Directions:
In the data below, find the line with "4) Enter the" and the line with "Уход за комнатным", then restate both and every line between them exactly, minus the pictures.

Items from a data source
Start of Block

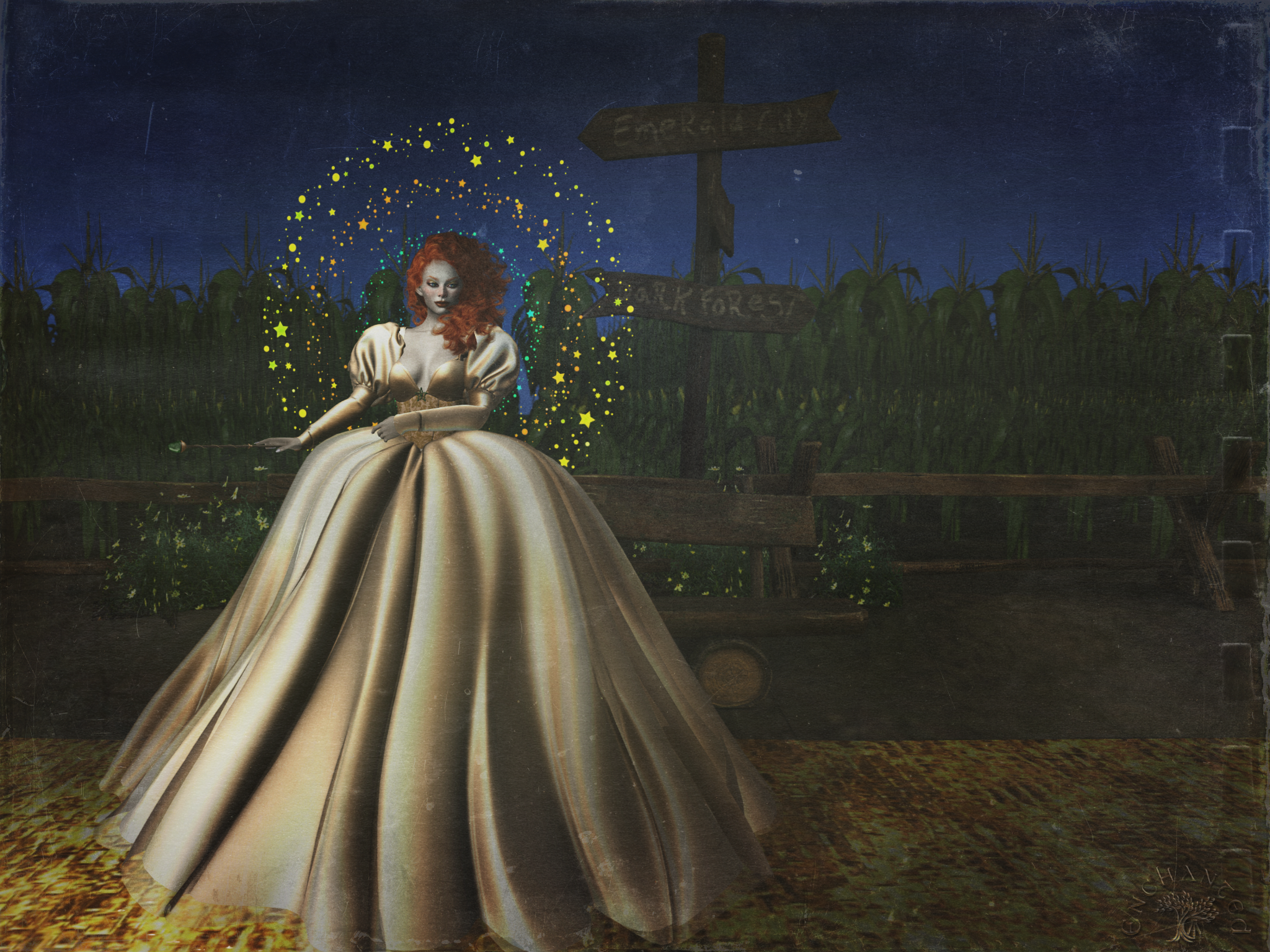 - Glinda the Not-So-Good Witch is styled on a Maitreya Mesh Body and a Lelutka EvoX Xia head.
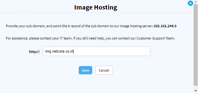 4) Enter the image hosting sub-domain in the text box. Please note the A record for the sub-domain should point to 202.162.244.9, i.e. the A record for img.yourdomainname should point to 202.162.244.9
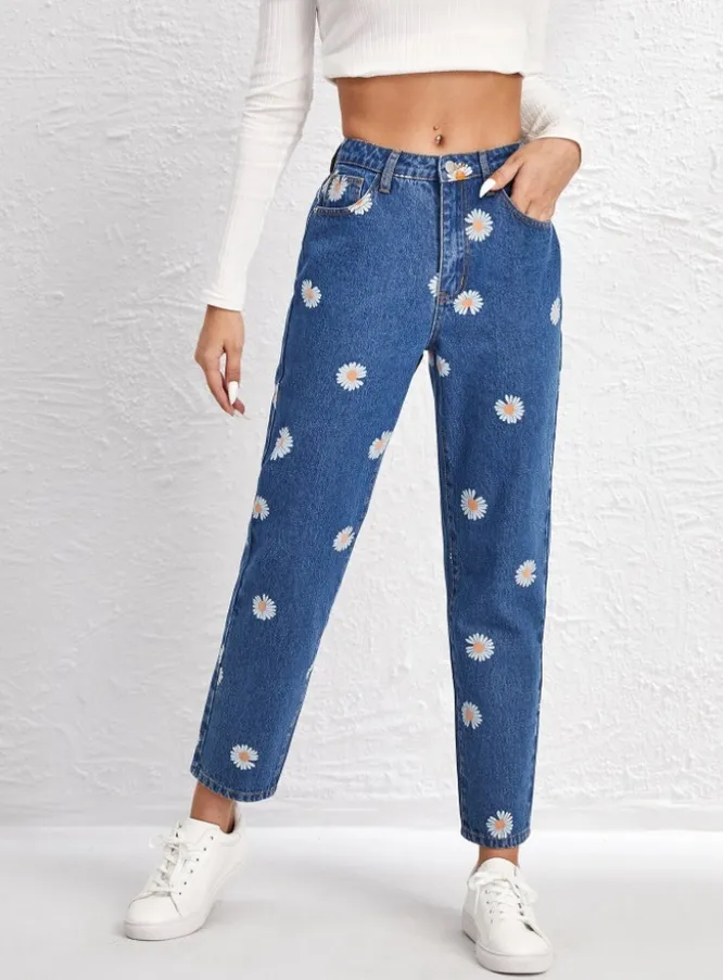 Поклонницам интересных и оригинальный вещей предлагаем присмотреться к джинсам с цветочными паттернами. Дополни их кроп-топом, оверсайз-рубашкой или коротким кардиганом.
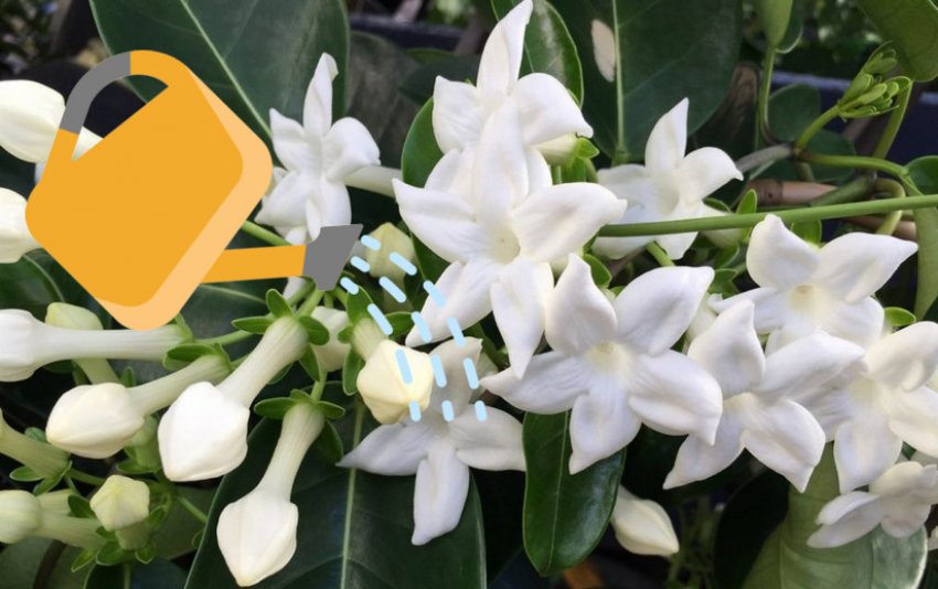 Уход за комнатным жасмином предполагает ежедневное опрыскивание в летние месяцы. Вода должна быть теплой, с минимальным количеством солей, можно дистиллированная.
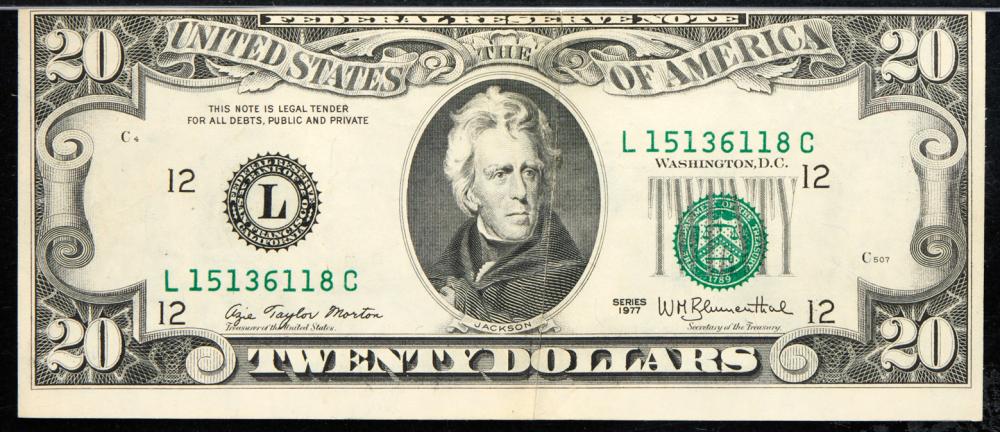 Lot 326 of 2769: $10, $10, $20, $20, $20, $100 all with Gutter Fold Errors
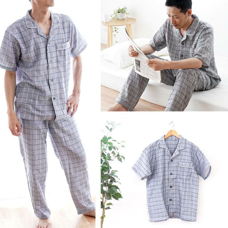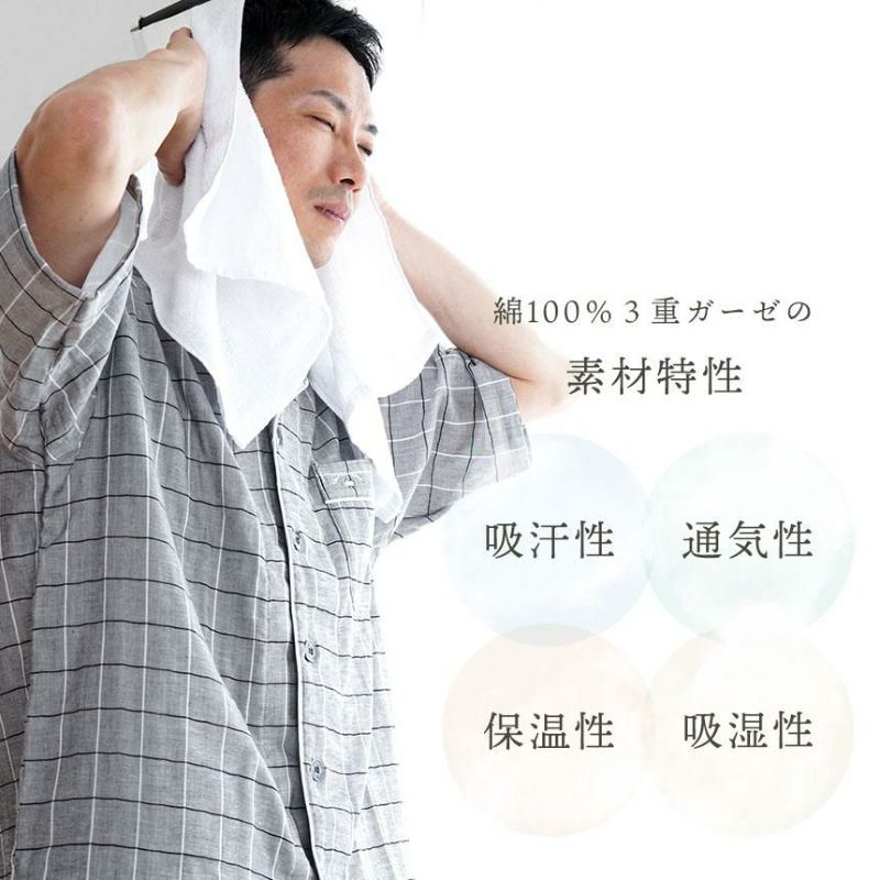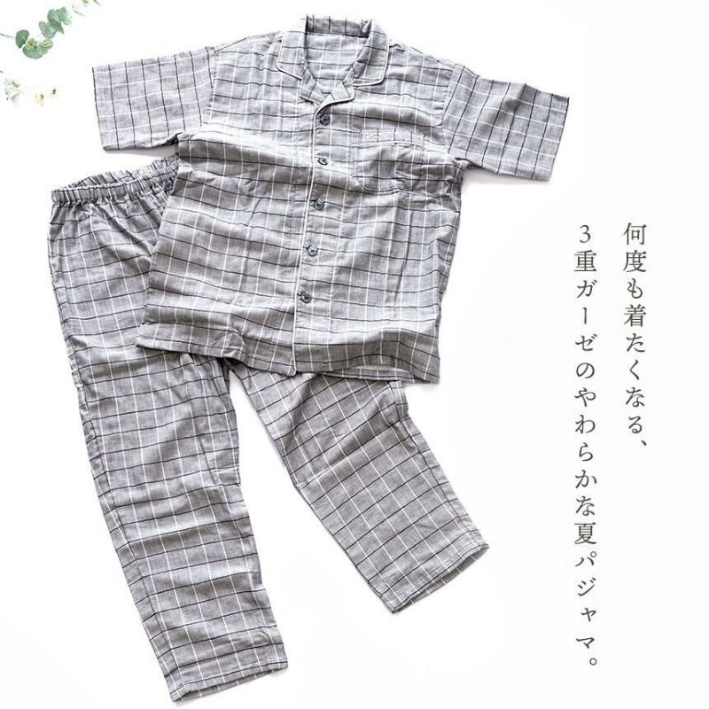 4. 快眠ラボ ストレッチ雲ごこちガーゼ 半袖 パジャマ メンズ M/L/LL

End of Block

Your solution:
 4) Enter the image hosting sub-domain in the text box. Please note the A record for the sub-domain should point to 202.162.244.9, i.e. the A record for img.yourdomainname should point to 202.162.244.9
 Поклонницам интересных и оригинальный вещей предлагаем присмотреться к джинсам с цветочными паттернами. Дополни их кроп-топом, оверсайз-рубашкой или коротким кардиганом.
 Уход за комнатным жасмином предполагает ежедневное опрыскивание в летние месяцы. Вода должна быть теплой, с минимальным количеством солей, можно дистиллированная.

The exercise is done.